Work order - What you return must be the exact lines of the material below, from the first through the one that has "2025년 을사년(乙巳年)을 맞아", with no pictures and, please, nothing else.

Given data -
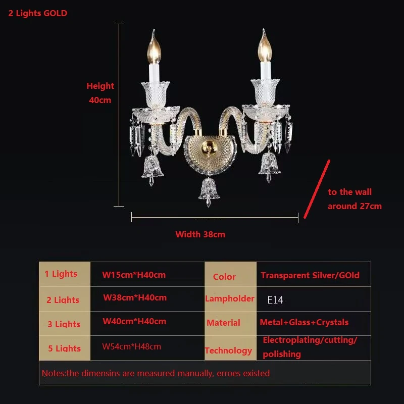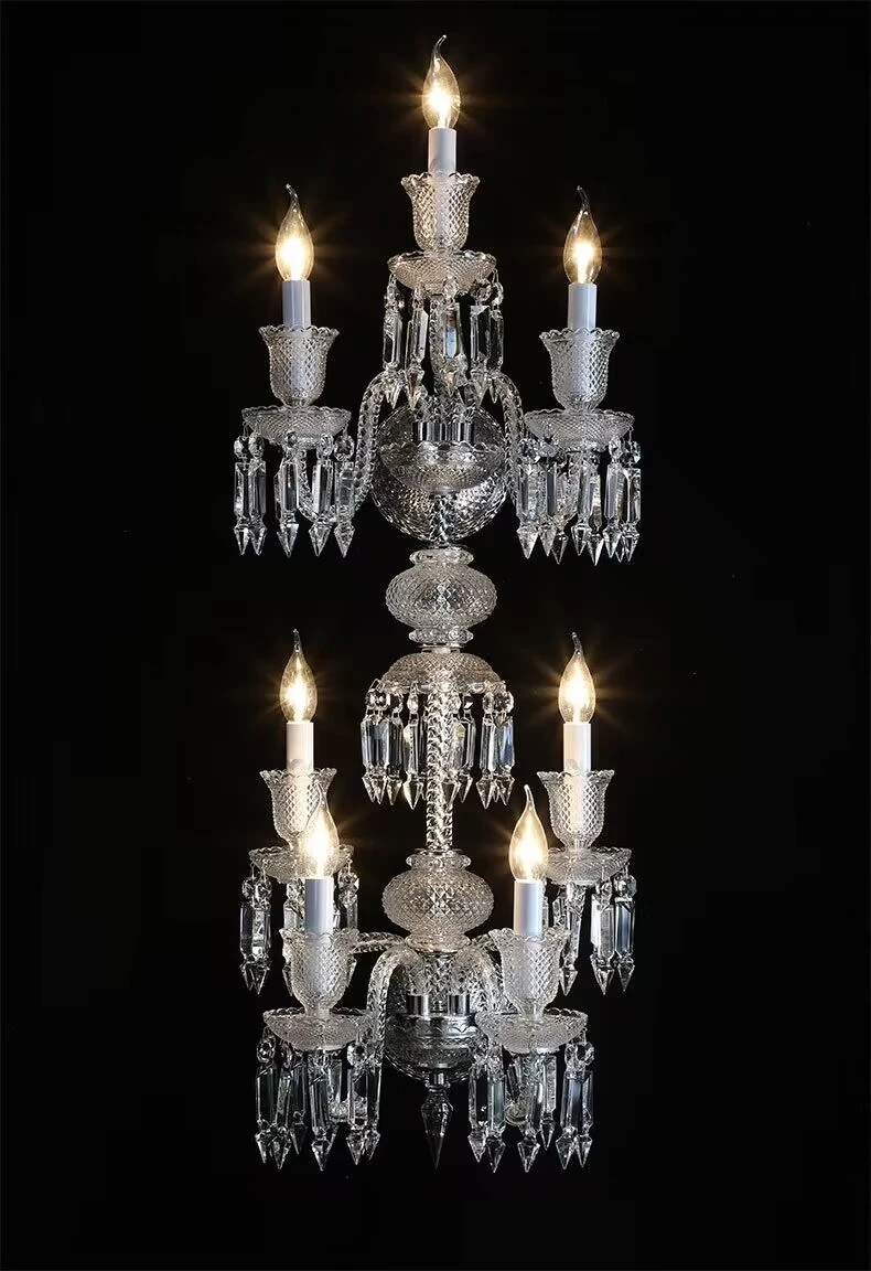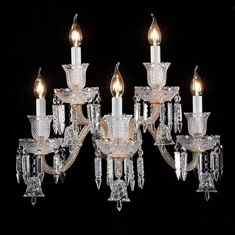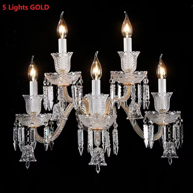 K9 Traditional Crystal Wall Lamp Bedside Aisle Ktv LED Lights 1/2/3/5/7 Lights Head Gold/Silver French Candle
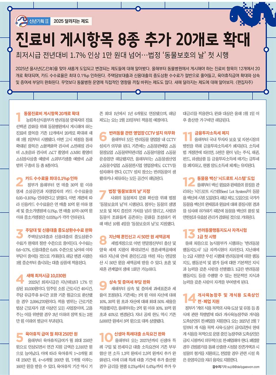 2025년 을사년(乙巳年)을 맞아 새롭게 도입되고 변경되는 제도들에 대해 알아봤다. 올해부터 동물병원에서 게시해야 하는 진료비 항목이 12개에서 20개로 확대되며, 카드 수수료율은 최대 0.1%p 인하된다. 주택담보대출과 신용대출의 중도상환 수수료가 절반으로 줄어들고, 육아휴직급여 확대와 상속 및 증여세 부담이 완화된다. 무엇보다 동물병원 운영에 직접적인 영향을 끼칠 바뀌는 제도도 많다. 새해 달라지는 제도에 대해 알아보자. <편집자주>
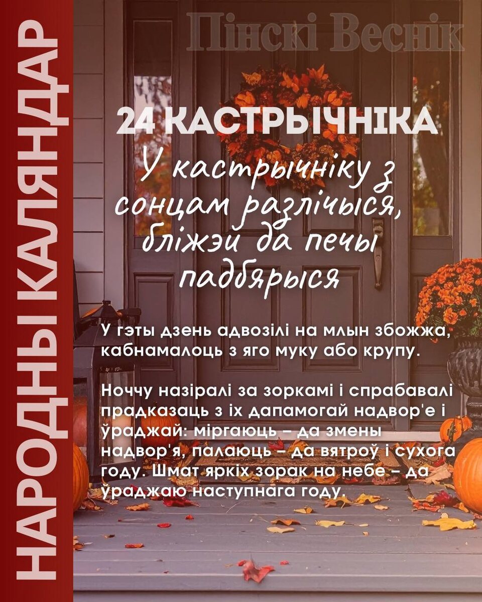 1️⃣1️⃣1️⃣1️⃣5️⃣1️⃣2️⃣ 1️⃣1️⃣1️⃣3️⃣1️⃣5️⃣1️⃣1️⃣ 📌24 КАСТРЫЧНІКА ✨У гэты дзень адвозілі на млын збожжа, кабнамалоць з яго муку або крупу. 🏷Ноччу назіралі за зоркамі і спрабавалі прадказаць з іх дапамогай надвор'е і ўраджай: міргаюць – да змены надвор'я, палаюць – да вятроў і сухога году. Шмат яркіх зорак на небе – да ўраджаю наступнага году. 📍📍@Пинский Вестник 📱ЮТУБ 📱САЙТ 📱ИНСТ 📱ВК 📱ОК 📱ФЕ 📱TikTok 📱Прислать новость
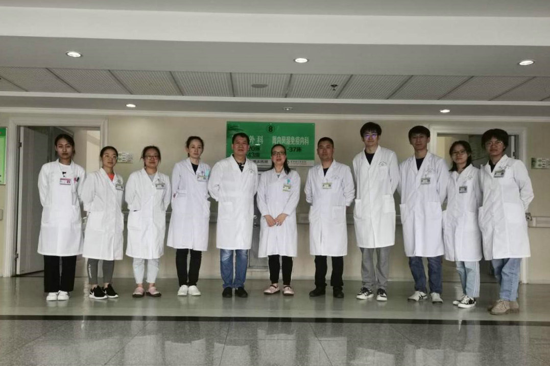 张涤华副教授(左五)与凤庆县人民医院肾内科同事

Finished exercise -
 K9 Traditional Crystal Wall Lamp Bedside Aisle Ktv LED Lights 1/2/3/5/7 Lights Head Gold/Silver French Candle
 2025년 을사년(乙巳年)을 맞아 새롭게 도입되고 변경되는 제도들에 대해 알아봤다. 올해부터 동물병원에서 게시해야 하는 진료비 항목이 12개에서 20개로 확대되며, 카드 수수료율은 최대 0.1%p 인하된다. 주택담보대출과 신용대출의 중도상환 수수료가 절반으로 줄어들고, 육아휴직급여 확대와 상속 및 증여세 부담이 완화된다. 무엇보다 동물병원 운영에 직접적인 영향을 끼칠 바뀌는 제도도 많다. 새해 달라지는 제도에 대해 알아보자. <편집자주>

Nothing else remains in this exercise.